Bitters are highly concentrated flavor extracts — think of them as the salt and pepper of cocktail making. A few dashes season a drink, adding depth, complexity, and a background note that makes everything else taste more like itself. They're made by macerating botanicals, bark, citrus peel, spices, or herbs in high-proof alcohol over time. The alcohol extracts the flavor compounds; the high concentration means a dash or two is all you need. Traditional bitters like Angostura contain alcohol but are used in such small quantities that the effect is negligible.
Why It Matters
Bitters are the reason a cocktail tastes like more than the sum of its parts. An Old Fashioned without bitters is whiskey and sugar. With two dashes of Angostura, it becomes something with warmth, complexity, and spice that didn't exist before.

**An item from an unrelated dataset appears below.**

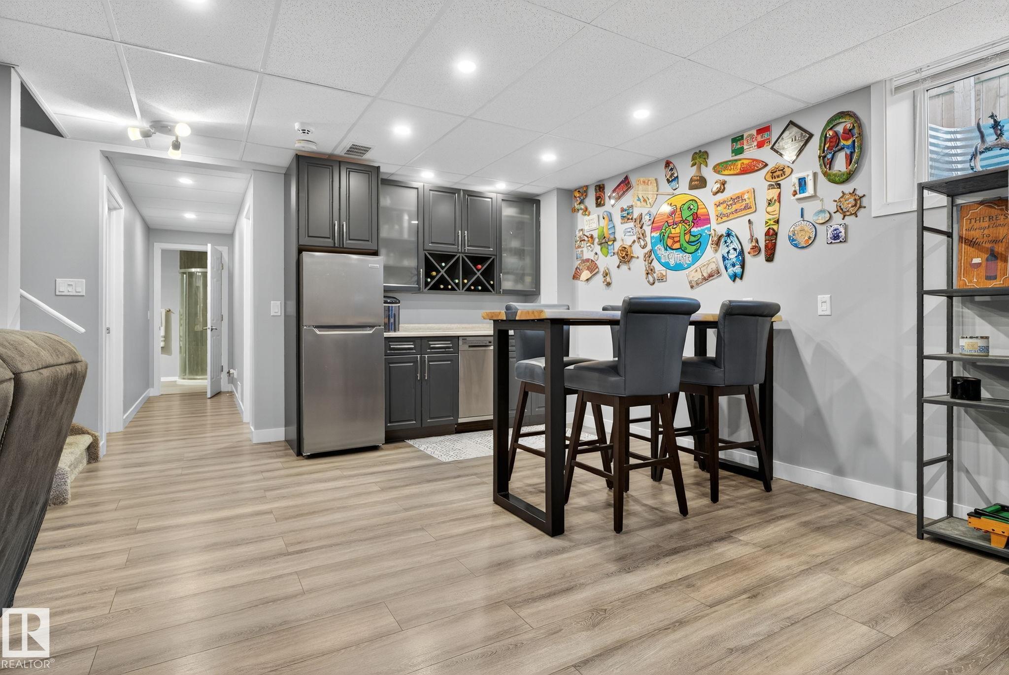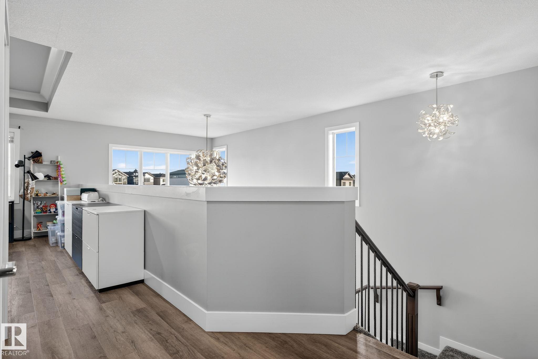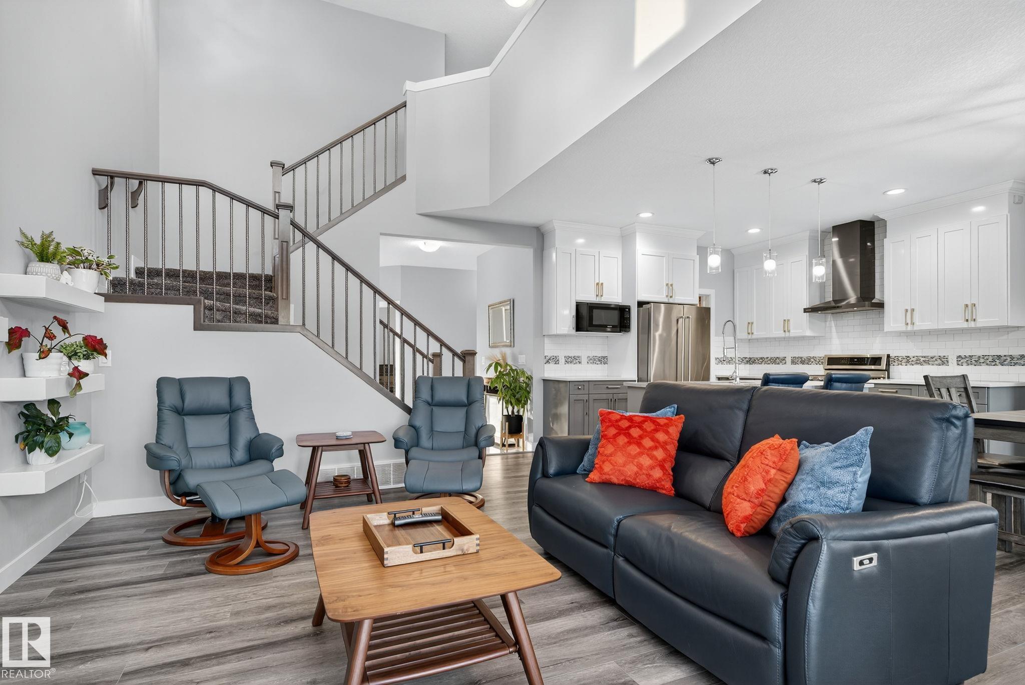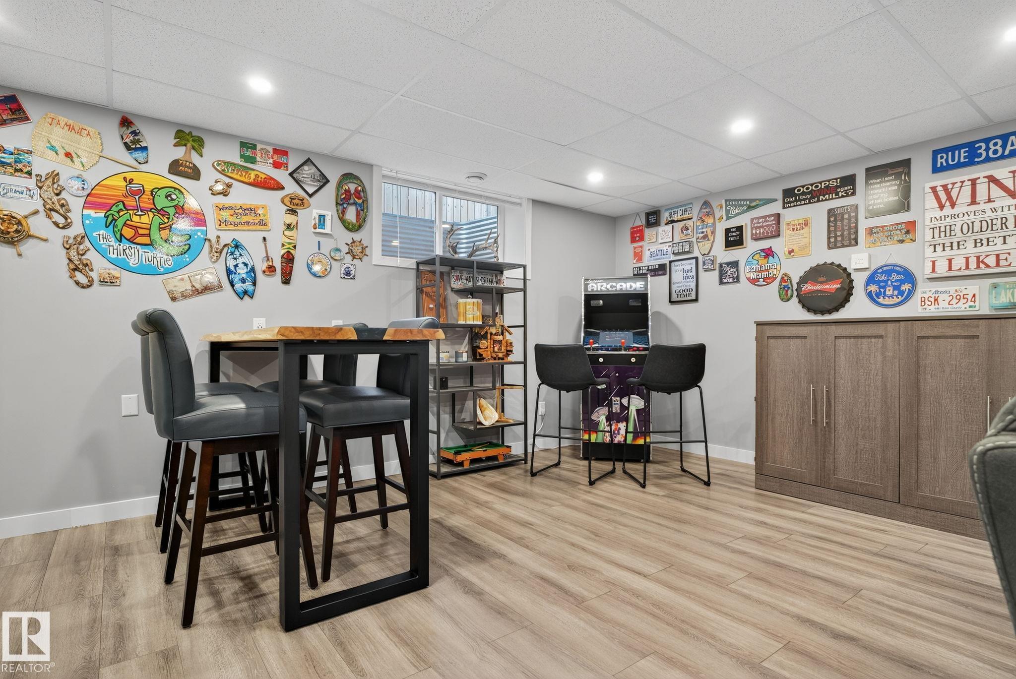 This corner-lot home in Triomphe Estates is move-in ready with upgrades that add real value to everyday living. The main floor has a bright living area open to above, a dining space, and a kitchen with a central island, upgraded stainless steel appliances, and a gas range. The walk-through pantry leads directly to the oversized heated 18x30 garage. A private office and half bath complete this floor. Upstairs offers a bonus room, a primary suite with walk-in closet and dual-vanity tiled-shower ensuite, two additional bedrooms, a full bathroom, and laundry. The finished basement includes a built-in bar with bar fridge and dishwasher, a large rec area, fourth bedroom, and full bathroom. Outside, the yard is landscaped and fenced with a custom deck, gas BBQ hookup, shed, and Astoria LED exterior lighting (2021). Briggs & Stratton backup generator (2024). Recent updates also include new flooring throughout (2025), upgraded gas range (2025), washer and dryer (2023), fridge (2022), and central AC. Come see it.

Bitters also help bridge disparate flavors — they're part of why sweet and sour work together in the same glass.
Where You'll Use It
Old Fashioneds, Manhattans, Negronis, and virtually any stirred cocktail. Also in sours, where they can add a complexity underneath the citrus.
Worth Knowing
Aromatic Bitters
Aromatic bitters are the most common category — led by Angostura, which is the default bitters in most recipes. They're warm, spiced, and complex: cinnamon, clove, dried fruit, and something bitter underneath. When a recipe calls simply for "bitters" without specification, aromatic bitters is usually what's meant.
Orange Bitters
Orange bitters are brighter and more citrus-forward than aromatic bitters, with a bitter orange peel character that sits below the surface of a drink. Classic in Martinis, Negronis, and anywhere you want citrus complexity without adding juice. Regans' and Fee Brothers are common brands.
NA Bitters
Non-alcoholic bitters are made without high-proof alcohol as the extraction base — typically using vegetable glycerin or other food-safe solvents instead. They are functionally and flavorfully similar to traditional bitters in the quantities used. Several quality NA bitters brands now exist, including All The Bitter and Hella. They're appropriate any time you want to keep a drink completely alcohol-free.